TrunkSpace: In terms of performance and finding Kate, did you and Chrissy ever sit down together and discuss certain aspects of the character that perhaps was expected to carry over into adulthood? Because you’re both playing the same person, is it important to stay in sync?
Zeile: When Chrissy and I get together, we laugh a lot and grow closer on a more personal basis. I’ve picked up her mannerisms and things by watching the show and watching her performances, but I’m thankful that Chrissy trusts me enough to make teenage Kate my own character with her own identity.

TrunkSpace: You’re still so young, and yet now starting to be accomplished in the industry. Does that put pressure on you in your personal life amongst friends and peers? Have people’s expectations changed in regards to who they think Hannah Zeile is?
Zeile: I’ve always been someone who keeps her circle tight. I’m really close with my family; my mom is literally my best friend and my biggest supporter. All the people in my life are people who have been by my side on this journey and they don’t expect me to be anything but myself.

THIS IS US — “A Father’s Advice” Episode 201 — Pictured: (l-r) Hannah Zeile as Kate age 15, Logan Shroyer as Kevin age 15, Mandy Moore as Rebecca, Niles Fitch as Randall age 15 — (Photo by: Ron Batzdorff/NBC)
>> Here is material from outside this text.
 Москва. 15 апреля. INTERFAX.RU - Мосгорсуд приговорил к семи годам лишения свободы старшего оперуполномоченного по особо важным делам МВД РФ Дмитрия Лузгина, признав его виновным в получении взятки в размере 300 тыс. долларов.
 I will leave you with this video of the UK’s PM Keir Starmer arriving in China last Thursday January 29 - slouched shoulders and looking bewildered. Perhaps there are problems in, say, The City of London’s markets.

TrunkSpace: What first drew you to acting? What made this particular journey of such interest to you?
Zeile: Growing up, I would come home from a movie and pretend I was my favorite character for the rest of the week. I always loved stepping into someone else’s shoes and pretending to live in their reality. As I’ve gotten older, I can appreciate how a performance can affect you in ways that words can’t describe, but you feel it. I hope that in my career I can move people the way other actors have moved me.
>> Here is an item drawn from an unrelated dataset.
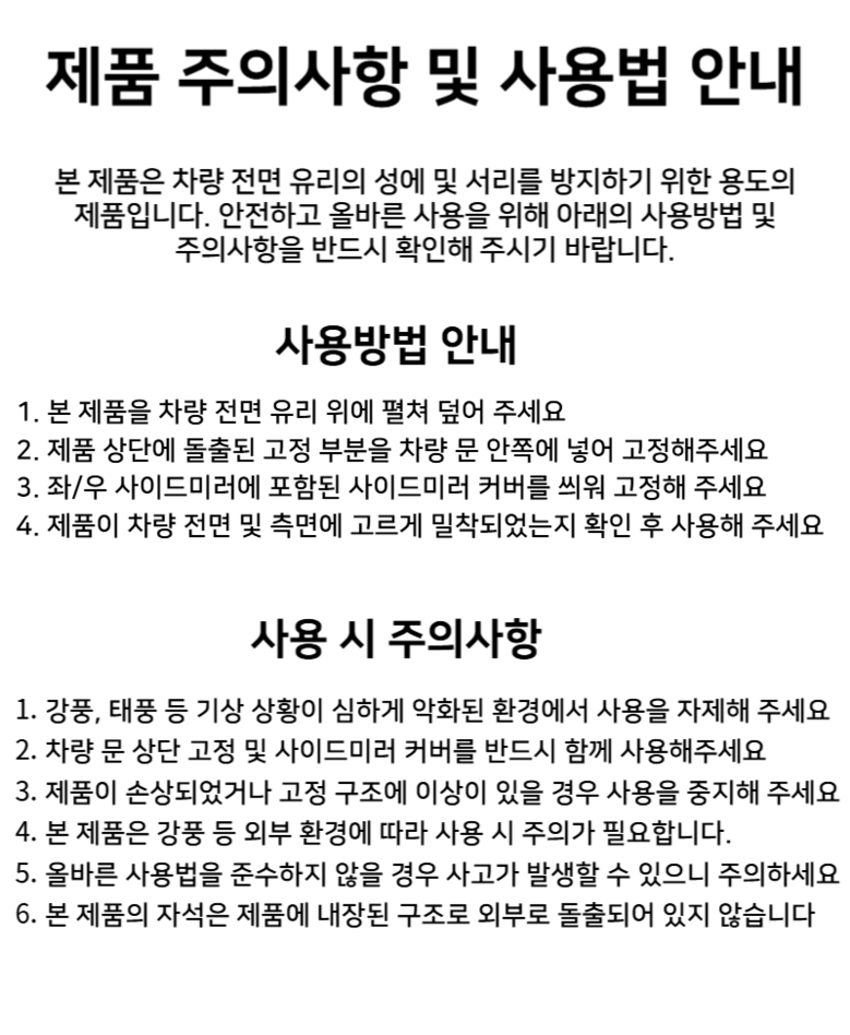 | 품명 및 모델명 | 비바띵즈 자동차 성에방지커버 차량 앞유리 눈 덮개 | 인증/허가 사항 | 없음 |

TrunkSpace: You’re playing a teen on television who is going through a lot of difficult, emotional moments in a world where social media didn’t exist. This is a bit of a mind melt, we know, but given what you know about being a teenager in 2017, do you think Kate’s experience would be easier, similar, or more difficult if she was growing up in the present?
Zeile: It is hard to say for sure, but I would think it would be more difficult. Social media can put a lot of pressure on young girls, especially like Kate who struggles with low self-esteem mostly due to her weight. Unfortunately, people can also be negative and hide behind a keyboard on social media and I think mean comments are hard for anyone to read, including Kate.

Season 2 of “This Is Us” premieres tonight on NBC.